4406. — À M. LE COMTE D’ARGENTAL.
Au château de Ferney, 6 janvier.

Mon cher ange, aidez-moi à venger la patrie de l’insolence anglicane. Un de mes amis, ami intime, a broché ce mémoire[1]. Je m’intéresse à la gloire de Pierre Corneille plus que jamais, depuis que j’ai chez moi sa petite-fille. Voyez si la douce réponse aux Anglais plaît à Mme Scaliger. En ce cas, elle pourrait être imprimée par Prault petit-fils, sous vos auspices ; sinon vous auriez la bonté de me la renvoyer, car je n’ai que ce seul exemplaire. J’attends aussi ce Droit du Seigneur que vous n’aimez point, et que j’ai le malheur d’aimer. Vous m’abandonnez du haut de votre ciel, ô mes anges ! Dites-moi donc ce que vous avez fait de Tancrède, et, de grâce, un petit mot d’Oreste ; après quoi vous daignerez m’apprendre si nous aurons la guerre ou la paix.

À propos de guerre, permettez que je vous parle de peste. Nous sommes menacés de la peste dans notre petit pays de Gex. J’ai pris la liberté de présenter requête contre elle à M. de Courteilles. Je vous supplie d’appuyer mes très-humbles représentations : il s’agit d’un marais plein de serpents, qu’apparemment Fréron, Abraham Chaumeix, Guyon, Gauchat, et les auteurs du Journal chrétien, ont envoyés.

Mais que deviennent les yeux de M. d’Argental ? Je suis plus inquiet d’eux que de ma peste.

Est-il vrai qu’on ait joué à Versailles la Femme qui a raison, et que la reine ait été de l’avis de Fréron ?

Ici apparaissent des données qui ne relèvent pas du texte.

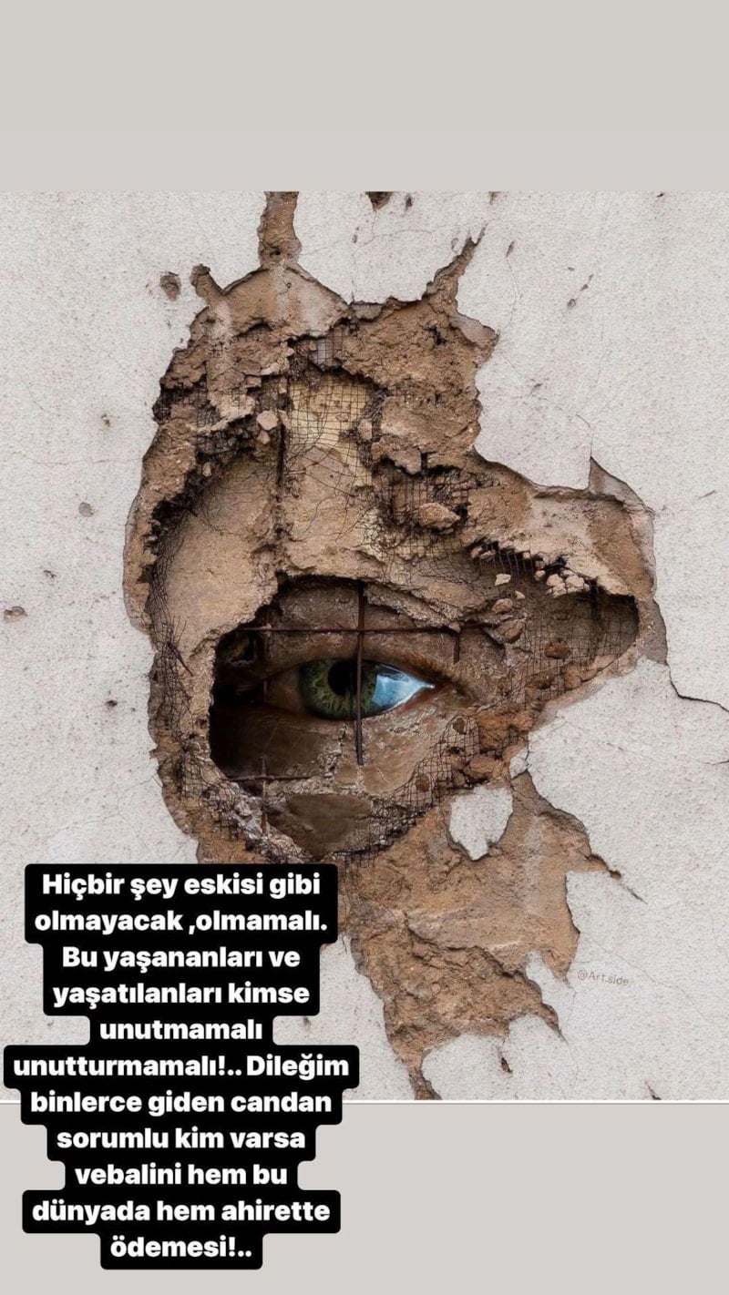 “Ancak bugün gelebilen kurtarma ekibi dayım ve kuzenimin cansız bedenlerine ulaşmışlar. Acıma öfkem, yasıma geride kalanlar için umudum karıştı. Allah’ım yaşam savaşı verenlerini kurtulan tüm vatandaşlarımızın ve canla başla çalışan tüm ekiplerin yardımcısı olsun. Arayan soran herkese teşekkür ederim. Dualarım ülkem için. Hepimizin başı sağ olsun.

Avez-vous lu l’ouvrage[2] évangélique adressé à mon ami Guyon, sur l’Ancien et le Nouveau Testament ? Cela est poivré ; c’est un petit livre excellent. Est-il vrai que le théologien de l’Encyclopèdie, Morellet ou Mords-les, en soit l’auteur ? Quel qu’il soit, son livre est brûlé et bénit.

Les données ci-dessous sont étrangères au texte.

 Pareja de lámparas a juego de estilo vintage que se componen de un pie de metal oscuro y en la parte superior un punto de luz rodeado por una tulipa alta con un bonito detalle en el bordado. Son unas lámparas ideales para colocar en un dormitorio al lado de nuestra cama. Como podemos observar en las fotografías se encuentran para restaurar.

Comment suis-je avec M. le duc de Choiseul ? Quand revient le vainqueur de Mahon ?

Ayez pitié de moi, vous dis-je, auprès de M. de Courteilles. Il est dur d’être pestiféré dans un château qu’on vient de bâtir.

À l’ombre de vos ailes.


  1. L’Appel à toutes les nations, etc. ; voyez tome XXIV, page 191.
  2. L’Oracle des anciens fidèles : voyez la lettre 4360.